Take the line that holds "A serene portrait" and every line after it to the end of the entries, and repeat them exactly without the pictures.
+++++
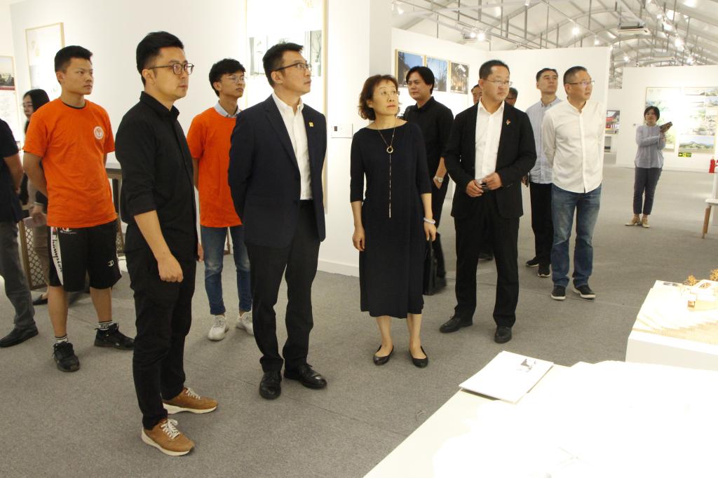 刘宁一行首先参观了正在我校美术馆展出的“第十三届全国美术作品展览艺术设计作品展”。李新向来访嘉宾详细介绍了我校承办第十三届全国美展艺术设计展区的相关情况,并向来宾介绍相关作品的设计理念、材料运用、工艺手法等,引起嘉宾极大兴趣。刘宁就展品的设计理念、材料选取、艺术风格、实际应用等与展区负责人进行了深入交流,高度评价我校在全国美展中取得的巨大成绩,以及对全国设计艺术领域作出的巨大贡献。
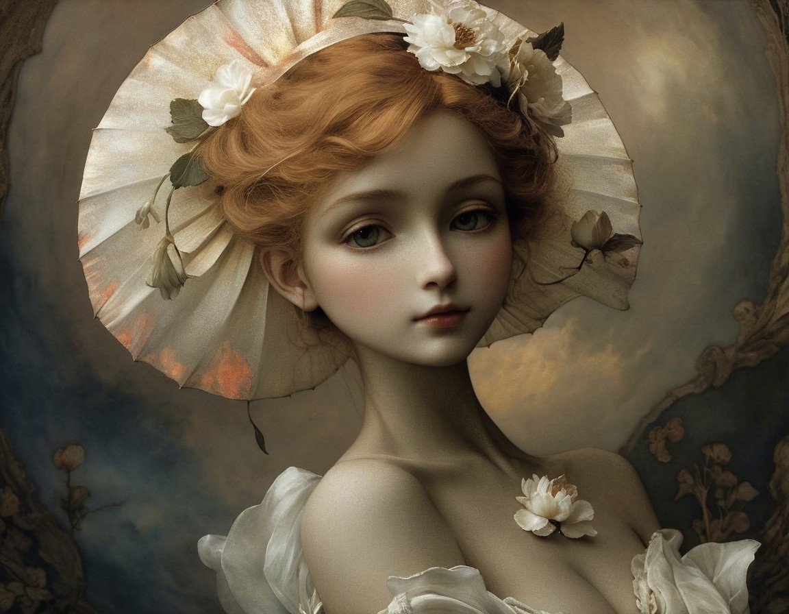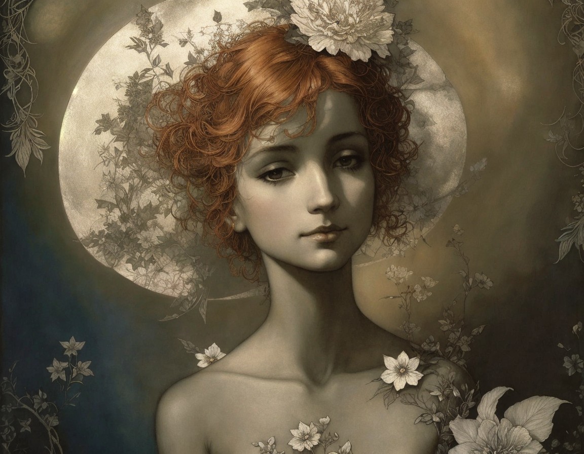 A serene portrait of a young woman with elegant, flowing hair adorned with flowers. She gazes thoughtfully, framed by a glowing moon, exuding a sense of ethereal beauty and tranquility.
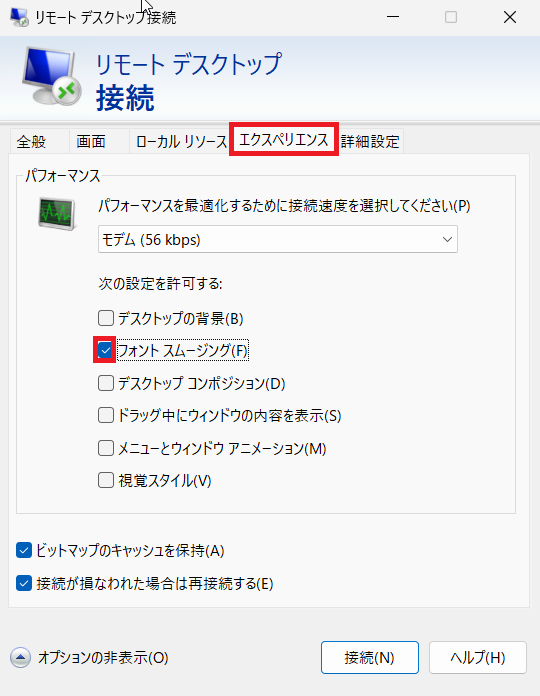 ⑶「エクスペリエンス」タブをクリックし、パフォーマンスを「モデム(56 Mbps)」に変更し、「フォントスムージング」のみチェック」します。
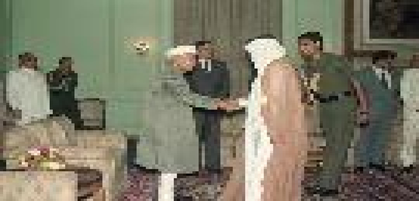 The Minister of Foreign Affairs of the State of Qatar, H.E. Sheikh Hamad Bin Jassim Bin Jaber Al-Thani calling on the President of India, Dr. Shankar Dayal Sharma at Rashtrapati Bhavan in New Delhi on April 03, 1995.
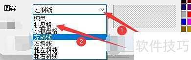 6、 在弹出窗口内点击图案选项,从列表中选取所需图案,例如棋盘格,作为透明背景的显示样式。
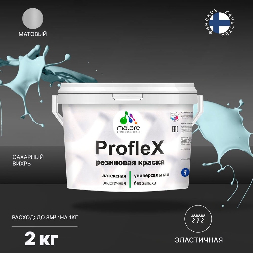 Резиновая краска MALARE Proflex для фасадов, крыш и цоколей, матовая, сахарный вихрь, 2 кг 2036754606296
+++++
**RESPONSE TO THIS EXERCISE**
 A serene portrait of a young woman with elegant, flowing hair adorned with flowers. She gazes thoughtfully, framed by a glowing moon, exuding a sense of ethereal beauty and tranquility.
 ⑶「エクスペリエンス」タブをクリックし、パフォーマンスを「モデム(56 Mbps)」に変更し、「フォントスムージング」のみチェック」します。
 The Minister of Foreign Affairs of the State of Qatar, H.E. Sheikh Hamad Bin Jassim Bin Jaber Al-Thani calling on the President of India, Dr. Shankar Dayal Sharma at Rashtrapati Bhavan in New Delhi on April 03, 1995.
 6、 在弹出窗口内点击图案选项,从列表中选取所需图案,例如棋盘格,作为透明背景的显示样式。
 Резиновая краска MALARE Proflex для фасадов, крыш и цоколей, матовая, сахарный вихрь, 2 кг 2036754606296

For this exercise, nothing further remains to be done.